“Ah, come off! A lot I’ve done; though I do believe it was better to keep up a steady flow of chatter than to be asking you every ten yards how you were feeling.... Hi, there! I’ve brought your friend Power; but he’s in rather bad shape. Had a fall up in the Gulch, and one leg is crocked.”
The pony needed no urging to halt, and Power, whose head was sunk between his shoulders, looked as if he would become insensible again at the mere thought of renewed exertion.
“A fall!” repeated MacGonigal, moving ponderously to the near side, and peering up into Power’s face. “Well, ef I ain’t dog-goned! What sort of a fall?”
“Just the common variety—downward,” said Benson. “His left leg is broken below the knee. Can you hold him until I hitch this fiery steed to a post? Then I’ll help carry him to a bedroom. After that, if I can be of any use, tell me what to do, or where to go—for the doctor, I mean.”
By this time MacGonigal had assured himself that Power’s clothing was not full of bullet-holes, and he began to believe that Benson, whom he recognized, was telling the truth.
“Give him to me,” he said, with an air of quiet self-confidence. “Back of some sugar casks in the warehouse thar you’ll find a stretcher.

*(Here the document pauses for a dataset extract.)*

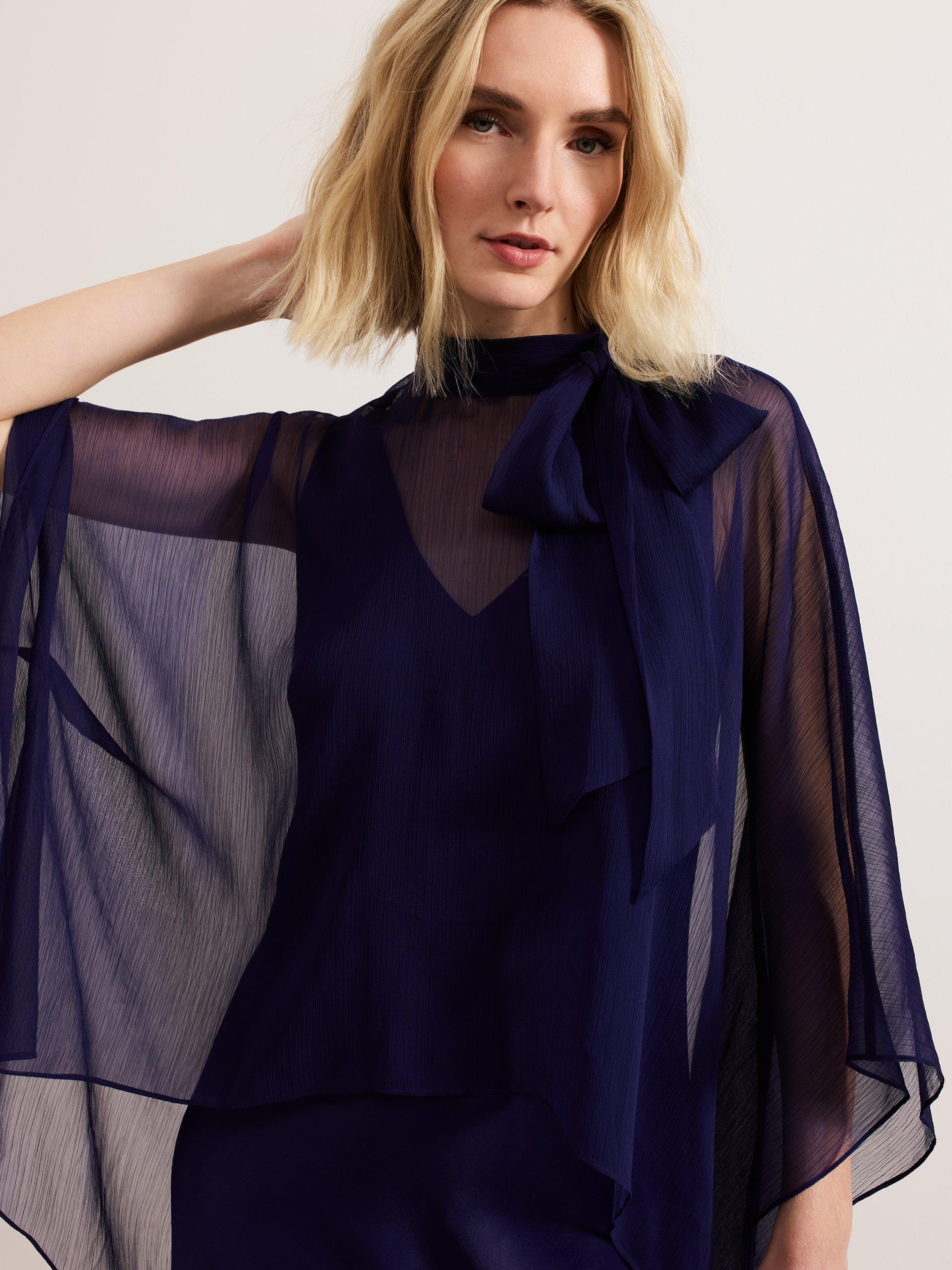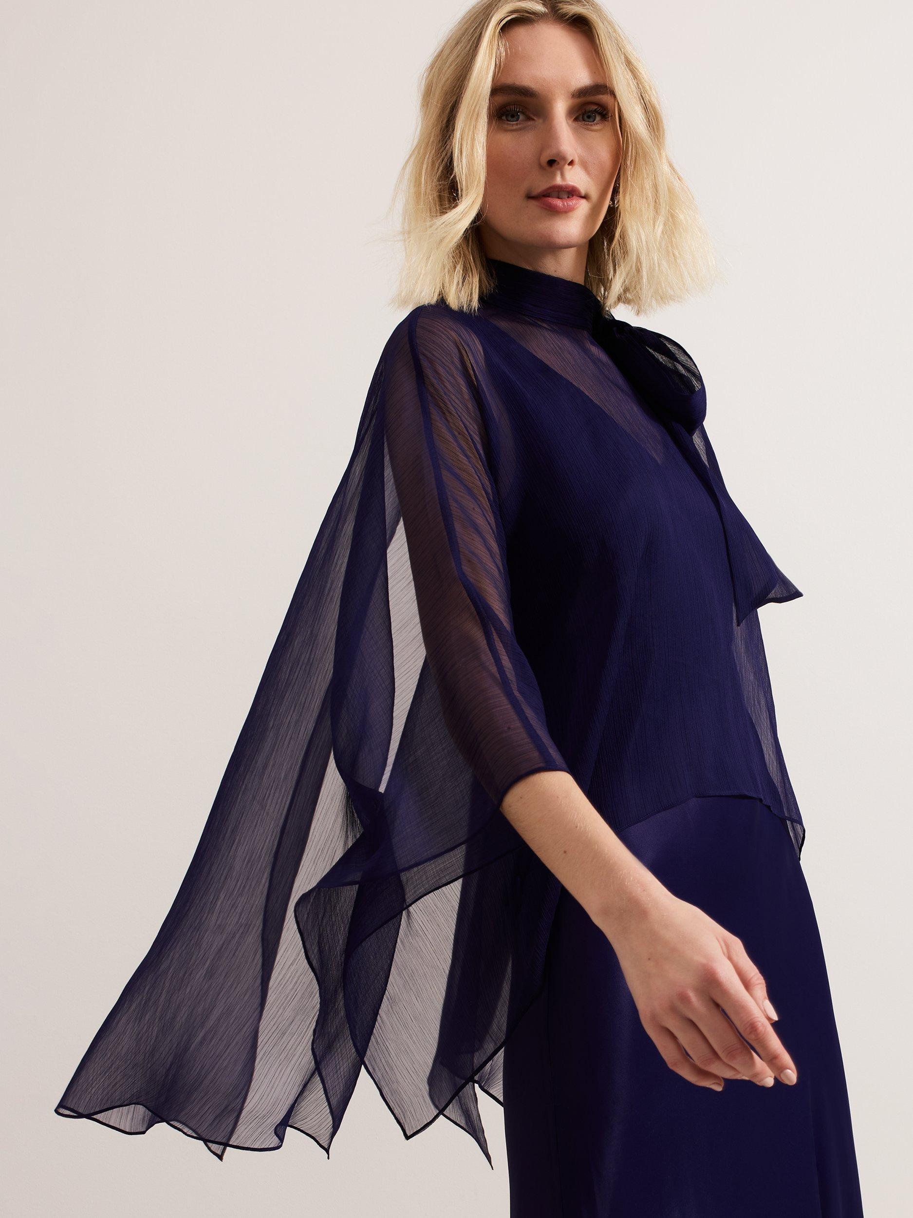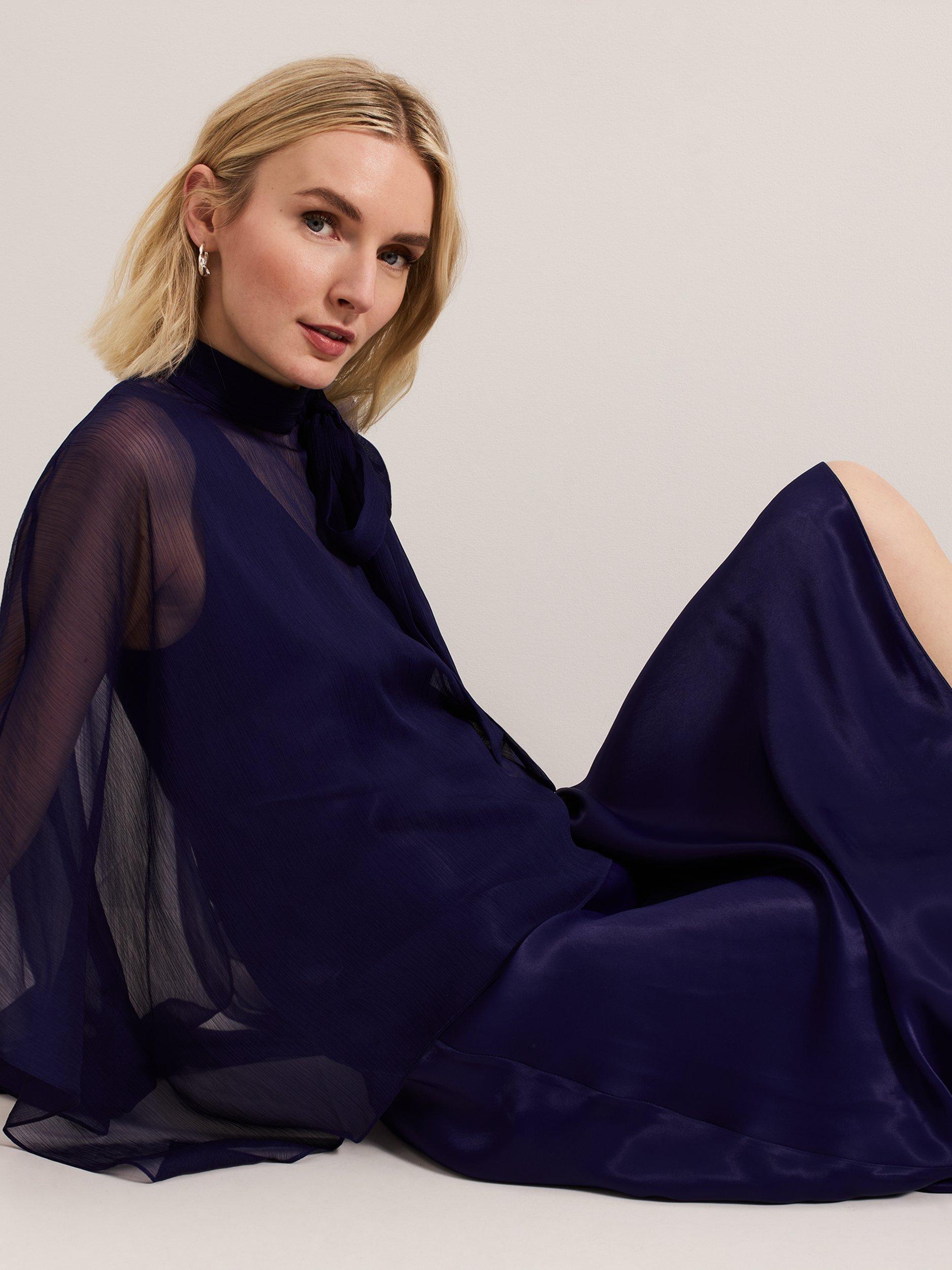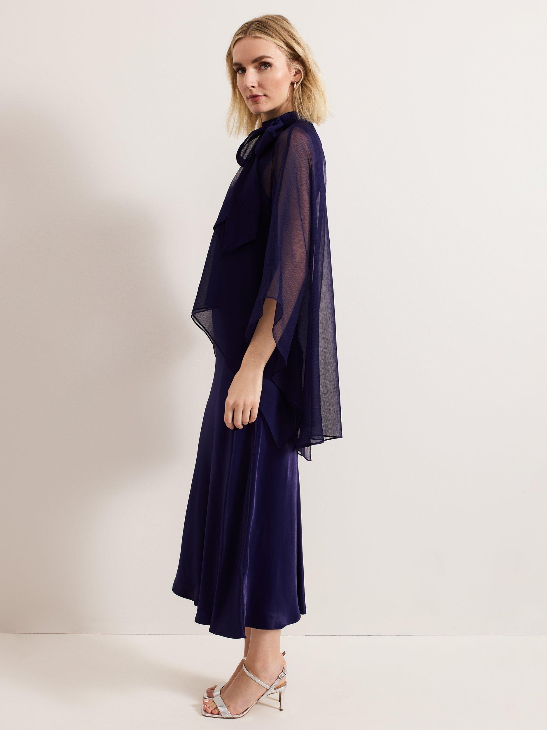 Modern and minimal, the Kyra dress is an effortless event style. In a stunning shade, this slip dress is crafted from a luxurious satin material that creates a subtle sheen. Wear on its own or style with the matching semi-sheer overlay that creates an elegant cape effect, perfect for when some added drama is called for.

Bring that along, an’ we’ll lay him in the veranda till the doc shows up.”
Soon the hardly conscious sufferer was reposing with some degree of comfort in a shaded nook with his back to the light. MacGonigal, whose actions were strangely deft-handed and gentle for so stout a man, was persuading him to drink some brandy.
“He has collapsed all at once,” said Benson commiseratingly. “He perked up and chatted in great shape while I was bringing him through the Gulch.”
“Did he now?... Yes, Derry, it’s me, Mac. Just another mouthful.... An’ what did he talk about, Mr. Benson?”
“Oh, mostly about the wedding, I guess.”